*What the task requires*
Please repeat, exactly and without pictures, the lines of the entries below that run from the one containing "ご家族皆様でゆったり過ごすの" through the one containing "[S&S, AC] $36.65*".

*Source data*
================================
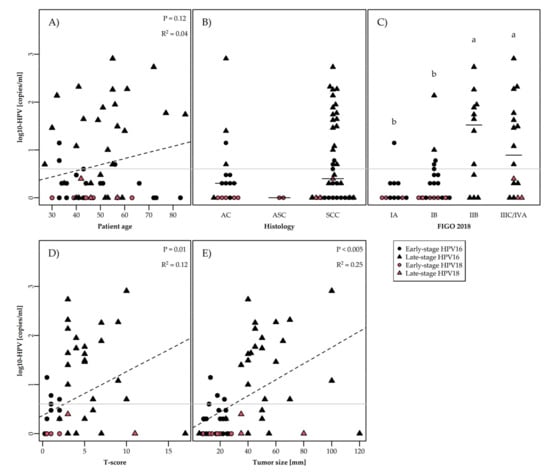 Concentration (copies/mL) of ccfHPV DNA (log scale) detected by ddPCR in cervical cancer patients according to clinical and biological criteria. Statistical significance was tested using the Kruskall–Wallis test followed by Conover–Iman for (B,C) and linear regression for (A,D,E). Grey line represents cutoff value for ccfHPV DNA positivity (>3 copies/mL). In (C), different letters (a,b) denote statistical difference between two groups, whereas the same letters (a, a or b, b) denote no statistical difference between two groups. In (B,C), black lines represent median values. (A) Concentration by patient age. (B) Concentration by histology (AC = adenocarcinomas, ASC = adenosquamous carcinoma, SCC = squamous cell carcinoma). (C): Concentration by FIGO 2018 stage (IA = IA1 and IA2, IB = IB1, IB2, and IB3, and IIIC/IVA = IIIC1, IIIC2, and IVA). (D) Concentration by tumor score (T score)1. (E) Concentration by tumor size (mm). T score was evaluated with the TS system presented in Table 1 in Lindegaard, J.C., et al. (see ref []).
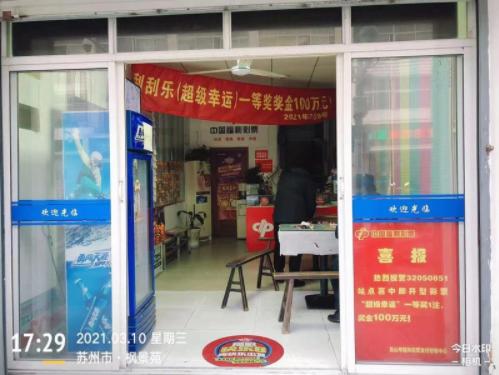 3月9日晚上,昆山市枫景苑C区32050851投注站一购彩者许先生中得刮刮乐“超级幸运”一等奖100万元。
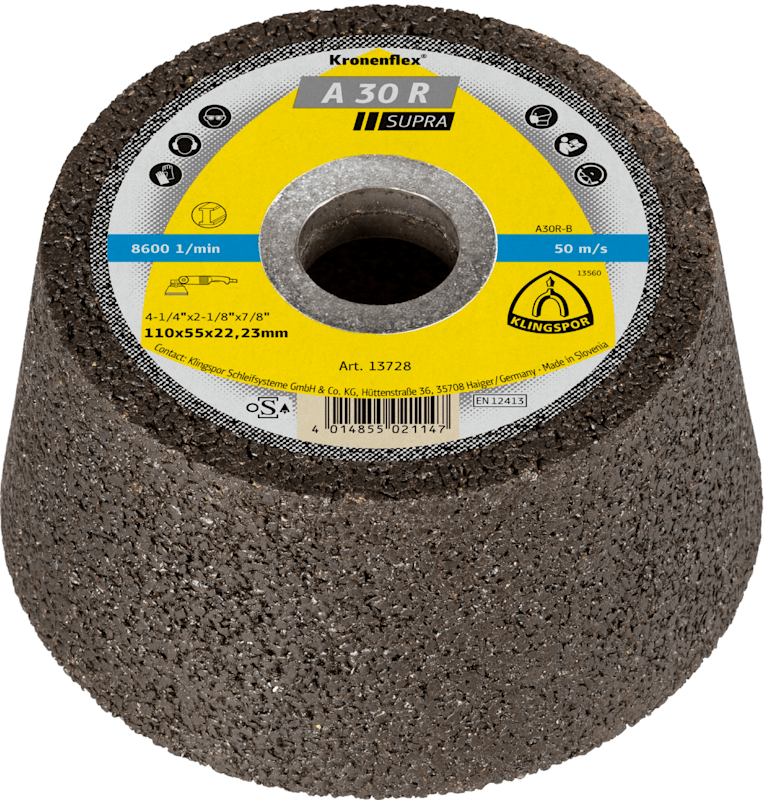 Klingspor A 30 R Schleiftopf, 110 x 55 x 22,23 mm gekröpft
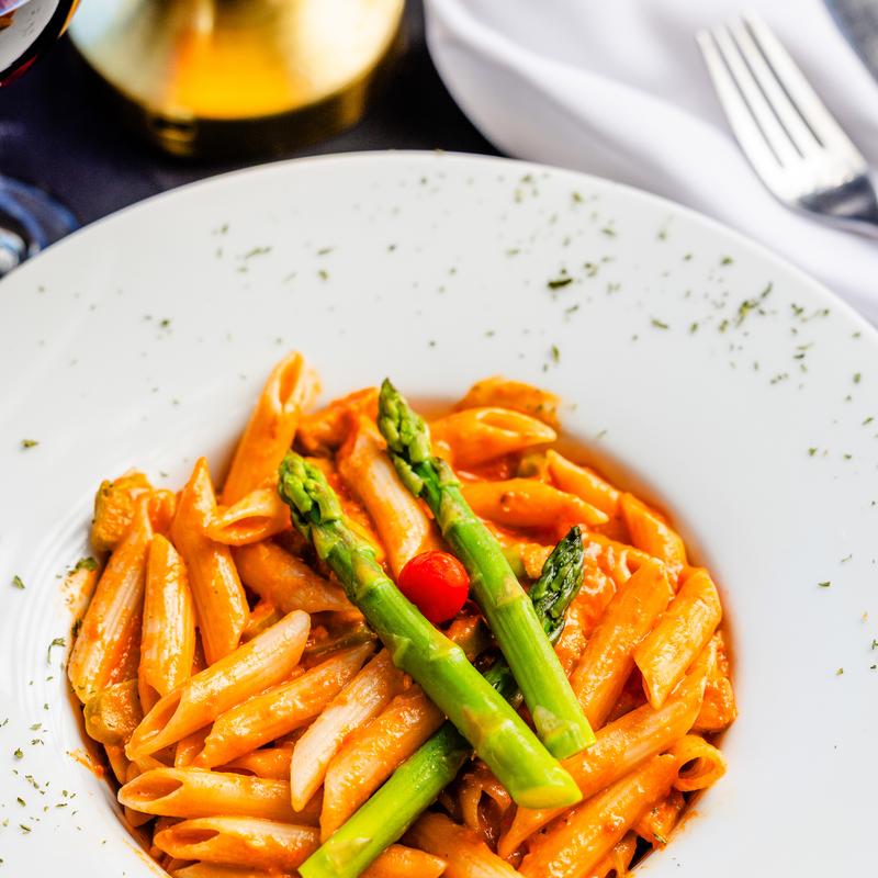 Pasta with fresh salmon, asparagus and vodka sauce
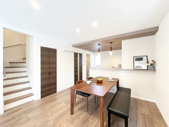 ご家族皆様でゆったり過ごすのはもちろん、友人を招いてホームパーティーも楽しめる、開放感あふれるLDKです。
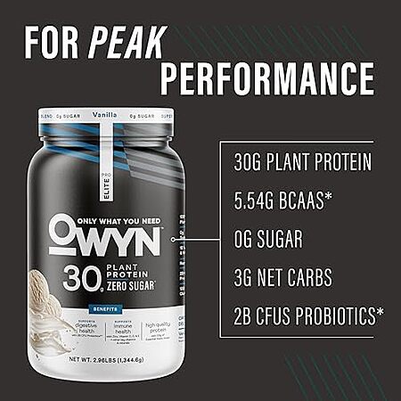 [S&S, AC] $36.65* | 2 × 2.9 lbs OWYN Only What You Need Pro Elite Vegan 30g Plant-Based High Protein Powder (Vanilla) ($18.32 each) at Amazon
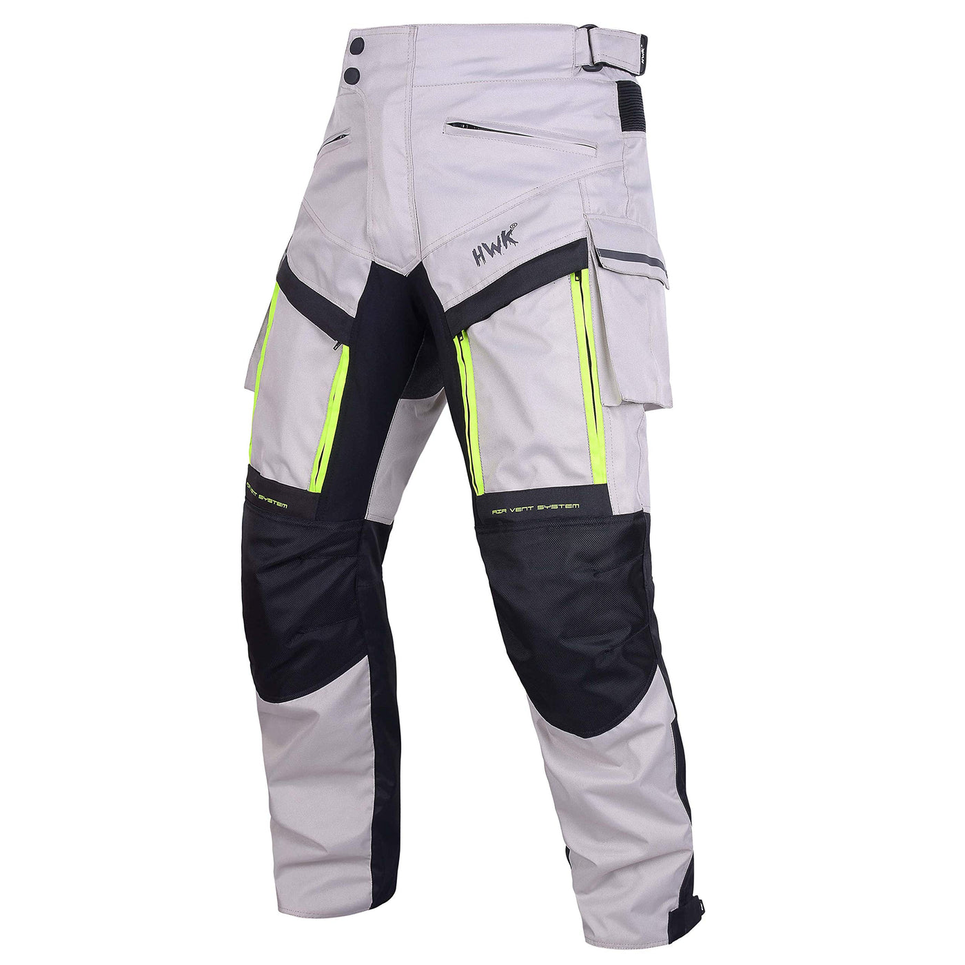 Hwk Motorcycle Pants Cargo Pants Work Pants For Men Dirt Bike Adventure Dualsport Racing Riding Rain Waterproof Pant Hi-Vis 4-Season Armored All-Purpose (Waist32''-34'' Inseam34'') Silver
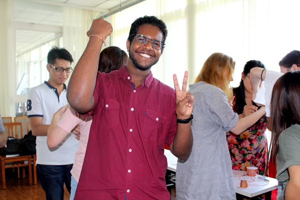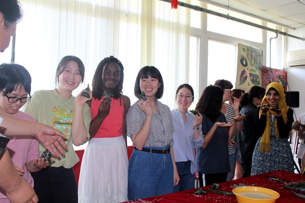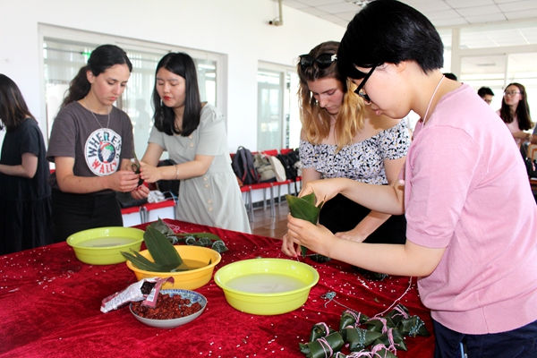 活动现场,留学生们在老师的指导下也纷纷学起了包粽子。“看起来容易,但是做起来挺难的。”来自菲律宾的德思丽坦言,“我很喜欢中国的美食,粽子非常好吃,我会继续努力的,再包三四个粽子,给我的朋友们尝一尝。”
================================
*Exercise answer*
 ご家族皆様でゆったり過ごすのはもちろん、友人を招いてホームパーティーも楽しめる、開放感あふれるLDKです。
 [S&S, AC] $36.65* | 2 × 2.9 lbs OWYN Only What You Need Pro Elite Vegan 30g Plant-Based High Protein Powder (Vanilla) ($18.32 each) at Amazon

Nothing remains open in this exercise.